Modeling three dimensional particulate systems is heavily dependent on the choice of technique to generate the geometry. The description of particle shape and size influences the choice of collision detection and resolution algorithms. Furthermore, the particle shape descriptors govern the applicability, accuracy and flexibility of the model. For instance, a DEM model described only by spheres or circles (in 2D) will have a higher computational efficiency which may not work well for non-spherical particles. On the other hand, non-spherical particle shapes offer a wider range of flexibility in terms of the shapes that can be simulated, with computational efficiency turning out to be a bottleneck in most cases. The choice of the surface definition consequently affects the collision algorithms and the post-collision kinematics. In this work, superellipsoids are generated using their surface function as this class of particles allows for a wide range of shapes to be simulated as illustrated in Figure 2-1.

**Geometry Definition**

In general, particles in a DEM simulation can be generated by the following techniques:

- Polyhedrons / Spheres Computational Mesh
- Composite particle approach
- Continuous Function Representation Discrete Function Representation

The easiest method to describe particles’ geometry is to use polyhedrons and spheres. In the case of polyhedrons, the surface can be defined by straight edges and vertices joining the edges. For spheres, the only information that needs to be tracked, as the particle evolves in space and time, is its centroid. As a result, the simulation becomes highly efficient compared to other complex shapes. The collision detection and resolution methods are also well defined for polyhedrons and spheres. Collision between polyhedrons can be detected using one of the edge-edge, vertex-edge and vertex-vertex collision techniques depending on the type of collision encountered [23], [24]. An advantage of these techniques is that the supplemental information required to process the post collision kinematics are obtained with relative ease. Similarly, collisions between spheres are detected based on an inequality relation between the distance between the centroids and their respective radii. As is the case with polyhedrons, the collision detection algorithms for spheres yield sufficient information to resolve the collisions.

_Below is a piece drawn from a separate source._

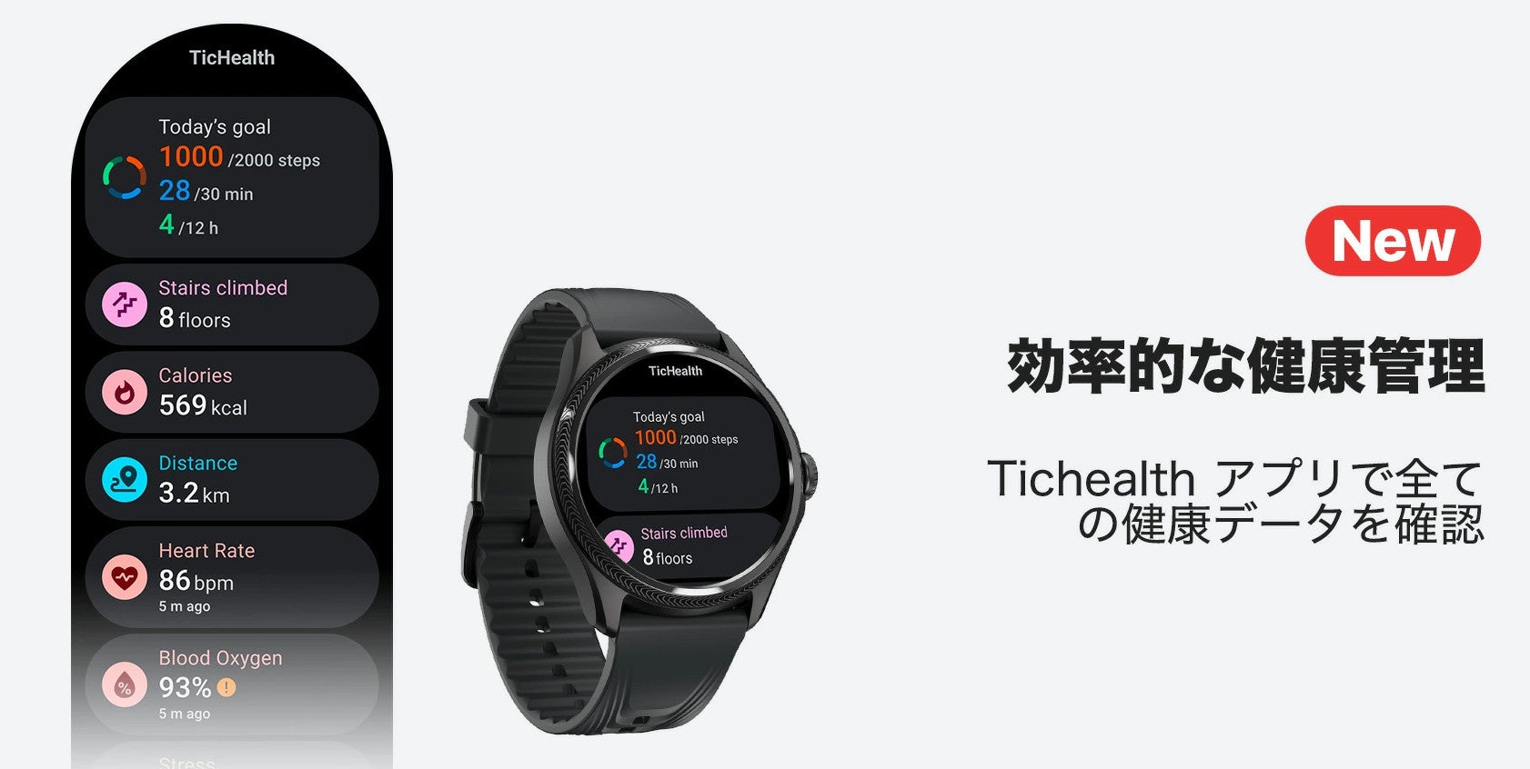 Mobvoi 製「TicHealth」アプリがプリインストールされています。心拍数、血中酸素、睡眠、ストレス、健康目標などの機能が、TicHealthアプリに統合されています。毎日の活動レベルのモニタリングから心拍数、睡眠パターンなどのトラッキングまで、健康トラッキングを合理化し、よりスマートに自身の健康状態を把握できるようにしていきます。

However, the use of polyhedrons and spheres severely limits the applicability of the DEM model. In the majority of granular assembly studies, the particles used are irregularly shaped and carrying out computational studies to recreate the tests, using polyhedrons or spheres, would ensue in significant loss of accuracy. In CFD-DEM studies, accuracy is of utmost importance as in many cases the necessary equipment to carry out an experimental study might not be available. Since the results would solely be based on numerical simulations, efforts have to be taken to ensure the fidelity of the results. In that regard, complex shape descriptors aid in reproducing the exact kinematics of particulate assemblies in practical applications.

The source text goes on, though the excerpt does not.